[Source records]
-----
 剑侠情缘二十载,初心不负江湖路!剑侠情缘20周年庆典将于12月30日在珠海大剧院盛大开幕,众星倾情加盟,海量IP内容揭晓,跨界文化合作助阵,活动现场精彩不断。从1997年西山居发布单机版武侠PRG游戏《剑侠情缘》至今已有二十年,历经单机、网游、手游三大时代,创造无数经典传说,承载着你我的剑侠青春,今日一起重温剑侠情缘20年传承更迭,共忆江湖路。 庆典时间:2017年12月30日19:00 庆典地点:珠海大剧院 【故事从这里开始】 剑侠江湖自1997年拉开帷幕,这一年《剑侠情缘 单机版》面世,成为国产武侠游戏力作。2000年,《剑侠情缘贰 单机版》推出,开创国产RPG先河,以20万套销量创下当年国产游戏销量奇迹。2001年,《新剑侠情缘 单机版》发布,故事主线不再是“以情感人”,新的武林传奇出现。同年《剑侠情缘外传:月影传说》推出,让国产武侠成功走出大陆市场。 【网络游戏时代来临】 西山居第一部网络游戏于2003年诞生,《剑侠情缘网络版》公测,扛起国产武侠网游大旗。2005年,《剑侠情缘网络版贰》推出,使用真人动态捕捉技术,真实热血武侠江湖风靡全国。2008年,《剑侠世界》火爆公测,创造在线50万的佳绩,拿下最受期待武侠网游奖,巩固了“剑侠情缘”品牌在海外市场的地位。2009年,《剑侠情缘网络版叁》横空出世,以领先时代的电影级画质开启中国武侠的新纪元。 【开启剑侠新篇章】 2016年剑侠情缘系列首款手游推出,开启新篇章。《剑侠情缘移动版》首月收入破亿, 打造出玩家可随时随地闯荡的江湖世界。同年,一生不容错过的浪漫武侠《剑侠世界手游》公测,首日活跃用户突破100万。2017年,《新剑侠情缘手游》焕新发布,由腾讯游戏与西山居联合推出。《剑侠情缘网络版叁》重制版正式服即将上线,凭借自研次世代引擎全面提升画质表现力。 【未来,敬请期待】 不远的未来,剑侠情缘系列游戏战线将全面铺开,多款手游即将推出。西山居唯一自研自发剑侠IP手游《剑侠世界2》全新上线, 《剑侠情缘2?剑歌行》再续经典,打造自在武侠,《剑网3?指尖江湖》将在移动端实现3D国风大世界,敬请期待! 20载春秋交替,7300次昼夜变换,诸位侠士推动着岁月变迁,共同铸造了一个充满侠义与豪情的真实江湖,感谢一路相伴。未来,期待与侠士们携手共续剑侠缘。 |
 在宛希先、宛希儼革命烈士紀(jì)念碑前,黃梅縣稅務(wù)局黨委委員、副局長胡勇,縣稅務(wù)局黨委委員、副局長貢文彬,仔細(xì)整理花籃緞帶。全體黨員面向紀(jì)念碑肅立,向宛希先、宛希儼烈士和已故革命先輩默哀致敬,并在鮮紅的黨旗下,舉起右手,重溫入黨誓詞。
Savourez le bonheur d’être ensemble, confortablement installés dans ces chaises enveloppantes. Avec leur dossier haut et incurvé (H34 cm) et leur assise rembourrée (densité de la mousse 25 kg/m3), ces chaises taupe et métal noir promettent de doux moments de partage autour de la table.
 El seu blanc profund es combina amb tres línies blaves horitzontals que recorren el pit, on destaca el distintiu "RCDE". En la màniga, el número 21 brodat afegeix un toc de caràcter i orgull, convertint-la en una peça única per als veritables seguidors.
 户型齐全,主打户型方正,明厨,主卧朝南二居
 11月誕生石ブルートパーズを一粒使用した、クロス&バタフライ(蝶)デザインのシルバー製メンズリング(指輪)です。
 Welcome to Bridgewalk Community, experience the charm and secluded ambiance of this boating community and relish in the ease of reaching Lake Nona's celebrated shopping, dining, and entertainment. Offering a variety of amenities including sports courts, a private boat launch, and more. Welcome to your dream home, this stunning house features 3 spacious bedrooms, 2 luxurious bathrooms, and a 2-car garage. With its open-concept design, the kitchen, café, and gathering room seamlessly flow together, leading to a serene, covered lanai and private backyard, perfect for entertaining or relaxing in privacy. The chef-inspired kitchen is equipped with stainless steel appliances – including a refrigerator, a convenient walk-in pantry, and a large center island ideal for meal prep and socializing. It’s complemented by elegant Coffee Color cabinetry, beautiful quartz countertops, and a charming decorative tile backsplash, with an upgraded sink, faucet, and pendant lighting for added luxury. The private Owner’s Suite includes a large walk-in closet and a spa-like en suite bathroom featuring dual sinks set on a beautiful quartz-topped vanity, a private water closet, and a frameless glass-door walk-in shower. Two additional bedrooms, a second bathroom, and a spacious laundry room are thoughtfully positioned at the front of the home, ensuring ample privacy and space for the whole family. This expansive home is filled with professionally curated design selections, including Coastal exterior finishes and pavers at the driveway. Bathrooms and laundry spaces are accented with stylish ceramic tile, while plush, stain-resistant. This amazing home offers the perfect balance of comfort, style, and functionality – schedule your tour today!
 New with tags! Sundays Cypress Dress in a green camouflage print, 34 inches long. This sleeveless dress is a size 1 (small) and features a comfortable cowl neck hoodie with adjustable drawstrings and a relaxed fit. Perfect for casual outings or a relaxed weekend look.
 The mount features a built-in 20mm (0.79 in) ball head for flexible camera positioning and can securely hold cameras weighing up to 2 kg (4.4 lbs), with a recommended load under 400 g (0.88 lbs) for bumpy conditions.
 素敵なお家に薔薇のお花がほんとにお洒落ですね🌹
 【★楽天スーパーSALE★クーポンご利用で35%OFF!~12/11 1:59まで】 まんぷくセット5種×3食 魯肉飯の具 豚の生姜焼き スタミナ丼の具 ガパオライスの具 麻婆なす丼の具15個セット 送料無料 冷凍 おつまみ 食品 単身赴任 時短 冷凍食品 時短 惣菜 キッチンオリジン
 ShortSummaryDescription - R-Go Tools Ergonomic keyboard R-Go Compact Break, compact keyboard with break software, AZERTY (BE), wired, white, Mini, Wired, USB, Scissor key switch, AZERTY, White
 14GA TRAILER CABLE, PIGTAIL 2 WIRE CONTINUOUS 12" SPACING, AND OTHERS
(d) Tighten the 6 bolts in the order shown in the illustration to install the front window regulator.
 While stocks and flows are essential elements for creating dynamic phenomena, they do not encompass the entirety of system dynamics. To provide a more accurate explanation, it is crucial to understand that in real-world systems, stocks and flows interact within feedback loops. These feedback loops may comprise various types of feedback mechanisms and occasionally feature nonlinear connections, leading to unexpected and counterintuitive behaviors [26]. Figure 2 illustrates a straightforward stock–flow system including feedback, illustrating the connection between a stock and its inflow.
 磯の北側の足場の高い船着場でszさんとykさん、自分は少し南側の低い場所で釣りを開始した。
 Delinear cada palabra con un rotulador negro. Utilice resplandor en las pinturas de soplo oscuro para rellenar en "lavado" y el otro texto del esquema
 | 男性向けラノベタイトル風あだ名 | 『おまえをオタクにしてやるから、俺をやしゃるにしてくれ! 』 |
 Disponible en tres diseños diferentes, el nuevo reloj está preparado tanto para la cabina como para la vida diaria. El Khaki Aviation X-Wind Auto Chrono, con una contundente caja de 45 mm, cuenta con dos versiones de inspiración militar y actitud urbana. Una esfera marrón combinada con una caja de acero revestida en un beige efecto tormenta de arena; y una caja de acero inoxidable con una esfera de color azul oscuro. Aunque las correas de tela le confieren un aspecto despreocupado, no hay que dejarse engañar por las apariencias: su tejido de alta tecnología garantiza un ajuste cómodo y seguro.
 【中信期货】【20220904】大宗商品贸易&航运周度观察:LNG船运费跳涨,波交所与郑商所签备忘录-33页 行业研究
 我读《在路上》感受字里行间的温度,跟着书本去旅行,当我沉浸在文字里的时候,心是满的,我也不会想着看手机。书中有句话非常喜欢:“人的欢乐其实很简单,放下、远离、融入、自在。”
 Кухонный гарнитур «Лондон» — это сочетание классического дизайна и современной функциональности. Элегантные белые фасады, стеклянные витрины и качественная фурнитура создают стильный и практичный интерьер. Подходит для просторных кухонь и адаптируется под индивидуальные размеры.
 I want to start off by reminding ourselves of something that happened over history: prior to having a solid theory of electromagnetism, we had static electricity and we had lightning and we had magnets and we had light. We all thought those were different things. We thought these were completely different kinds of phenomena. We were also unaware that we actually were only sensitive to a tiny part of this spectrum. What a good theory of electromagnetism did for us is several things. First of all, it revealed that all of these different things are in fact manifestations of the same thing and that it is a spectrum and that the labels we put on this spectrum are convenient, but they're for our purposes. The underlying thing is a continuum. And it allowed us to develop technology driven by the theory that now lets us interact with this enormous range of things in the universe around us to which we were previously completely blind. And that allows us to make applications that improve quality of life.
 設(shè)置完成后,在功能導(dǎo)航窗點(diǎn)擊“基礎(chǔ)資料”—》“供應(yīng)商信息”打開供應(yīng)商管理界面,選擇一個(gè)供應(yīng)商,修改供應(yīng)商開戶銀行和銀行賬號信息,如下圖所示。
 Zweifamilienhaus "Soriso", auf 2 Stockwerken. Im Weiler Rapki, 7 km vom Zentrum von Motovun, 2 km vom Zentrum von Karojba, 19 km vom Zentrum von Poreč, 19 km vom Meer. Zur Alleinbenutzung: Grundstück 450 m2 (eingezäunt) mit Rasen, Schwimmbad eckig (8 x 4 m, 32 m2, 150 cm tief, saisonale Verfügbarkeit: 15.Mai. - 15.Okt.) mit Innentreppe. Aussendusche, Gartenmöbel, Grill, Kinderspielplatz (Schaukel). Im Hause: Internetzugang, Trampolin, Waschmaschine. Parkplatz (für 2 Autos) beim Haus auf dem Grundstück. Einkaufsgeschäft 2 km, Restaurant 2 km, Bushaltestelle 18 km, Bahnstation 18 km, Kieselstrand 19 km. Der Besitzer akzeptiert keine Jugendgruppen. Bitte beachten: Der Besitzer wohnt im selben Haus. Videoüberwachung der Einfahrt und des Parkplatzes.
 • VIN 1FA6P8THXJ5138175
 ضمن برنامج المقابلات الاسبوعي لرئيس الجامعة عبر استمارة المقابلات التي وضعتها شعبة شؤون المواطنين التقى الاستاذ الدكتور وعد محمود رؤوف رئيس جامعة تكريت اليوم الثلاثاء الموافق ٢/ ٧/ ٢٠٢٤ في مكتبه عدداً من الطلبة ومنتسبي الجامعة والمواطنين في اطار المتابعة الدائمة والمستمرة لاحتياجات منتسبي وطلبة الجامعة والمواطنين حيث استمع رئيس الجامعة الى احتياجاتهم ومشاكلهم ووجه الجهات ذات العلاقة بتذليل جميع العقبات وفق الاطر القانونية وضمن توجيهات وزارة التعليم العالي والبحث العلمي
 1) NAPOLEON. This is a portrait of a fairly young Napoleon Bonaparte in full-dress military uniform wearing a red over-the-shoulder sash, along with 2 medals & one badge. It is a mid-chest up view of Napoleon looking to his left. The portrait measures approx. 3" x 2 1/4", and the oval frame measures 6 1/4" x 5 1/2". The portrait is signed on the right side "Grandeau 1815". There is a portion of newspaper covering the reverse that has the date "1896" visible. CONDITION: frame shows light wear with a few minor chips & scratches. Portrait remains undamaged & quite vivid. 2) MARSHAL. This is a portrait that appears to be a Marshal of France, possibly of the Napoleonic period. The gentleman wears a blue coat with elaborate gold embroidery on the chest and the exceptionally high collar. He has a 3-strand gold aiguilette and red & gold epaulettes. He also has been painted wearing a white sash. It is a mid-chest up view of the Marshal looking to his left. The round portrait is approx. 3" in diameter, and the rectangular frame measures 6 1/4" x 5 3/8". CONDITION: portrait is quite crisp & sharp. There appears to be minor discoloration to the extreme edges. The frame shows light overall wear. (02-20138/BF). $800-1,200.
-----
Your reply should be one number, the count of lines in the data that include the word "they".

**SOLUTION TO THIS EXERCISE:**
2